### TASK ITEM
Would you print only the lines running from the one with "Потолочный светодиодный светильник" to the final line of the data below, word for word and without pictures?

= = = = =

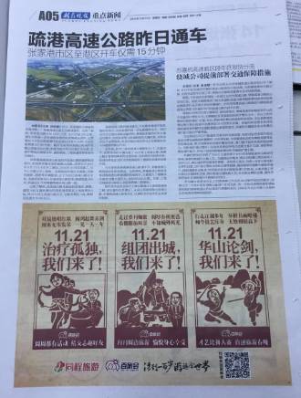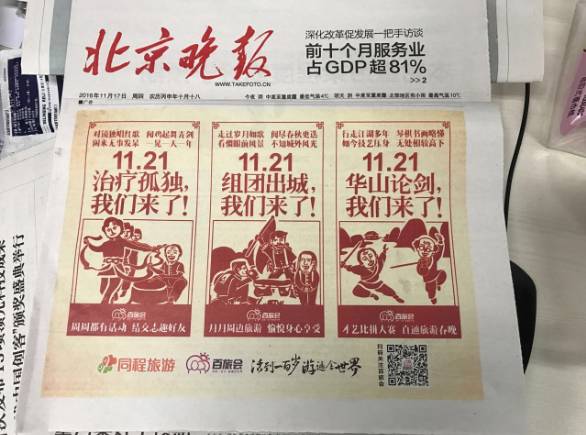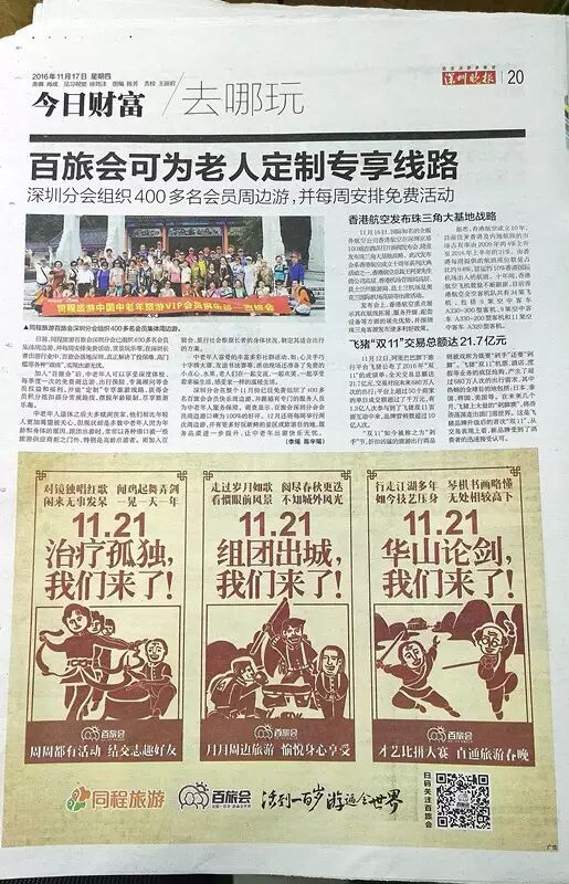 承包各地报纸,只为第一时间将这个好消息告诉你:11月21日,同程百旅会将在全国160个城市全面启动,有您的地方,就有同程百旅会!
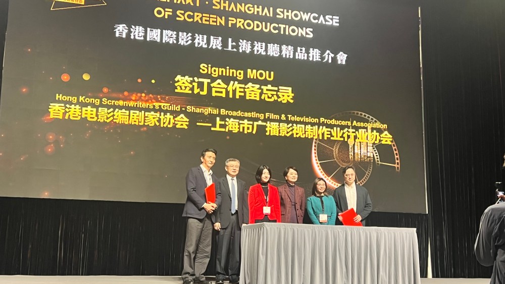 The Shanghai Broadcast Film and Television Producers Association and the Hong Kong Writers’ Guild officially signed an agreement to deepen cooperation at Filmart on March 19th.
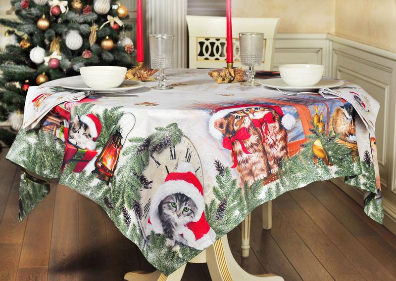 Новогодняя скатерть "ANHELES" КВАДРАТНАЯ 140*140
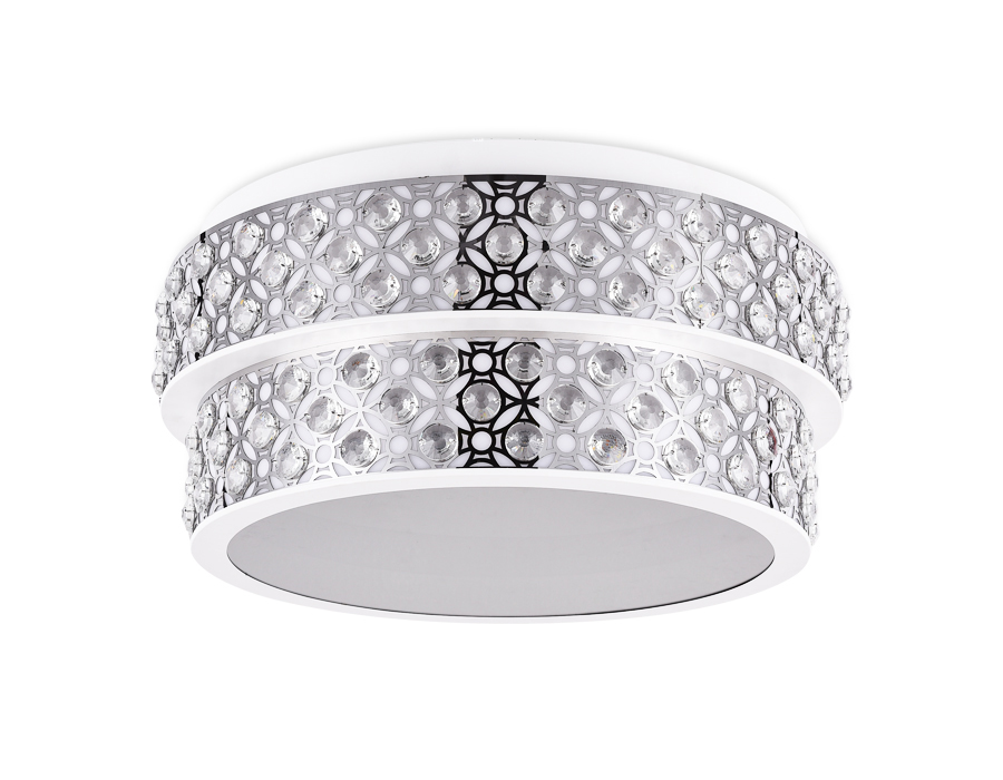 Потолочный светодиодный светильник из коллекции ACRYLICA Ice. Великолепная модель FA9438 выполнена в современном стиле Неоклассика. Бесподобный хрустальный декор придает особый шик светильникам этой коллекции. Эта модель круглой формы, металлический корпус цвета хром, с окантовкой из белого акрила. Благодаря встроенным в конструкцию светодиодам, вы можете с уверенностью забыть о поиске или замене дополнительных ламп. С помощью мобильного приложения, а так же радиоуправляемого пульта вы сможете регулировать цветовую температуру, яркость освещения и ночной режим. Эта модель подходит для натяжных потолков и будет прекрасным дополнением в гостиной, спальне или детской комнате.
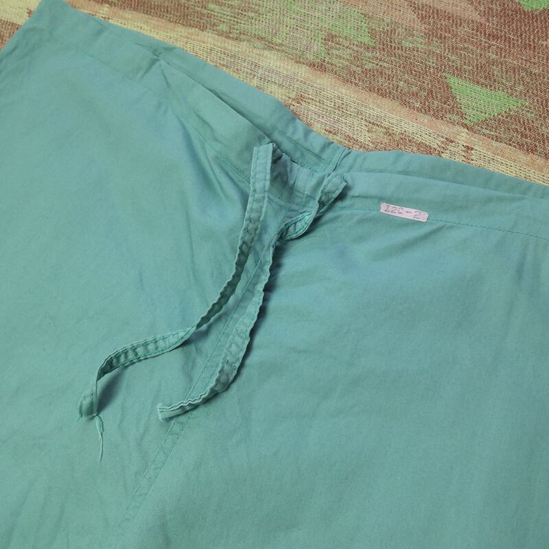 グレーとグリーンの中間カラー、やや薄手の100%コットンツイル生地。ウエストはドローストリング、ヒップ1ポケット、アウトサイドはシームレスでぐるっと巻いてインサイドのみシームあり。
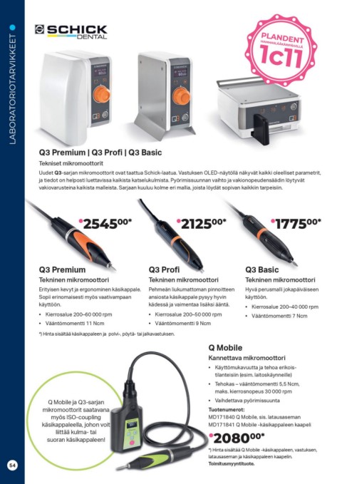 Uudet Q3-sarjan mikromoottorit ovat taattua Schick-laatua. Vastuksen OLED-näytöllä näkyvät kaikki oleelliset parametrit,

= = = = =

### ANSWER SECTION
 Потолочный светодиодный светильник из коллекции ACRYLICA Ice. Великолепная модель FA9438 выполнена в современном стиле Неоклассика. Бесподобный хрустальный декор придает особый шик светильникам этой коллекции. Эта модель круглой формы, металлический корпус цвета хром, с окантовкой из белого акрила. Благодаря встроенным в конструкцию светодиодам, вы можете с уверенностью забыть о поиске или замене дополнительных ламп. С помощью мобильного приложения, а так же радиоуправляемого пульта вы сможете регулировать цветовую температуру, яркость освещения и ночной режим. Эта модель подходит для натяжных потолков и будет прекрасным дополнением в гостиной, спальне или детской комнате.
 グレーとグリーンの中間カラー、やや薄手の100%コットンツイル生地。ウエストはドローストリング、ヒップ1ポケット、アウトサイドはシームレスでぐるっと巻いてインサイドのみシームあり。
 Uudet Q3-sarjan mikromoottorit ovat taattua Schick-laatua. Vastuksen OLED-näytöllä näkyvät kaikki oleelliset parametrit,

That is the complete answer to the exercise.